Last Updated 12 Mar 2023

The Broken Spears by Miguel Leon-Portilla

Category Aztecs, Books, Mexico, Spain
Words 691 (3 pages)
Views 516

In the book originally written by Miguel Leon-Portilla, mirroring the event way back in 1519 when Hernan Cortes sailed from Cuba to Mexico and entered the capital of the Aztecs, there were accounts that he gathered from the basic viewpoint of the Aztec tribe. ‘The Broken Spears’ talks about the conquest of Cortes, although it dates back ten years before his arrival in the east coast of Mexico, in a place called Tenochtitlan. From the voices of the tribes, there was defeat and destruction with the arrival of the Spaniards… years after they saw eight omens that, for them, were warnings by the gods on the end of the world.

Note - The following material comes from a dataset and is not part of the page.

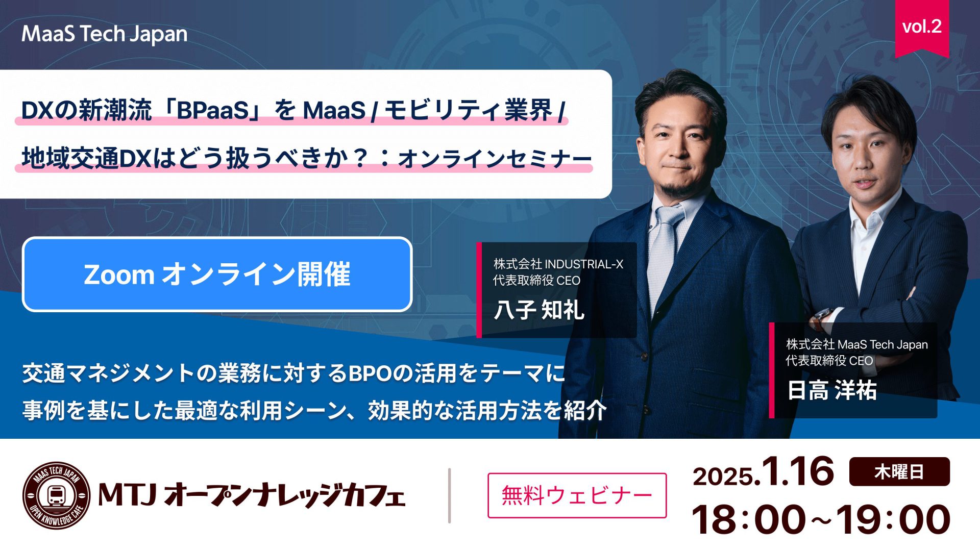 未来の理想的な移動社会の基盤構築を支援する株式会社MaaS Tech Japan (以下「MTJ」)は、地域交通やMaaSなど交通業界に関する話題を取り上げるセミナーシリーズ『MTJオープンナレッジカフェ』第2回目として2025年1月16日(木)18:00より、交通マネジメント業務に対するBPaaS(Business Process as a Service)の活用に関し、【DXの新潮流「BPaaS」をMaaS/モビリティ業界/地域交通DXはどう扱うべきか?】と題し、オンライントークセッションを開催することをお知らせいたします。DXの新潮流とされるBPaaSについて、同領域に精通する株式会社INDUSTRIAL-X(以下「INDUSTRIAL-X」)代表取締役CEOの八子氏をお招きし、MTJ代表の日高とともに、活用事例を交えながら最適な利用シーンやユースケース、効果的な取り入れ方について深掘りしてまいります。参加無料です。
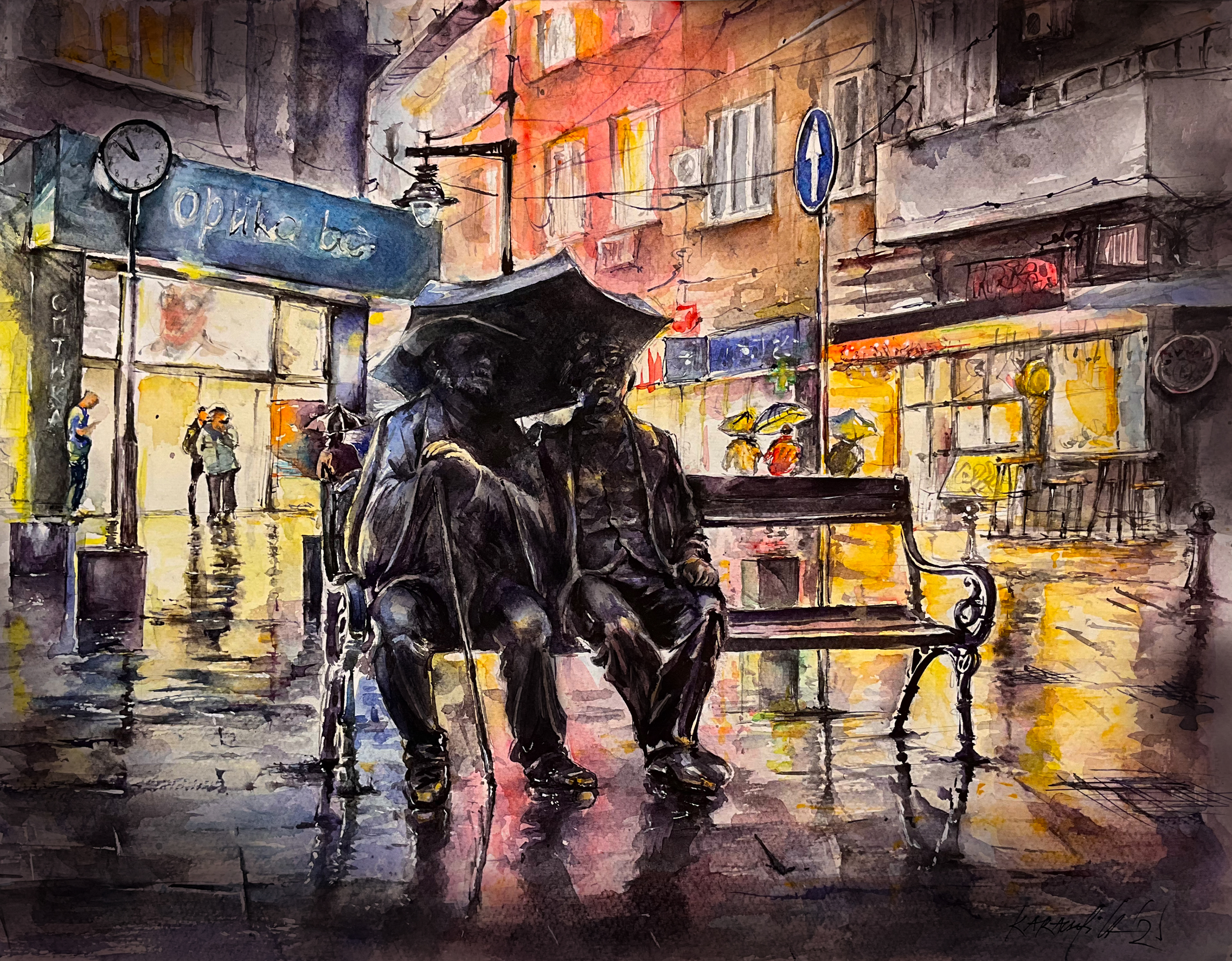 At Slaveykov Square in the Rain

Main Body They first heard the invasion from a common man who reported to King Motecuhzoma: “Our lord and king, forgive my boldness. When I went to the shores of the great sea, there was a mountain or small mountain floating in the midst of the water, moving here and there without touching the shore” (13). Moctezuma, then, sent people to inspect, and when he received word on the beings that appeared on the shores of his land, he was terrified and was sure that this was the god Quetzalcoatl, who had come back from his journey.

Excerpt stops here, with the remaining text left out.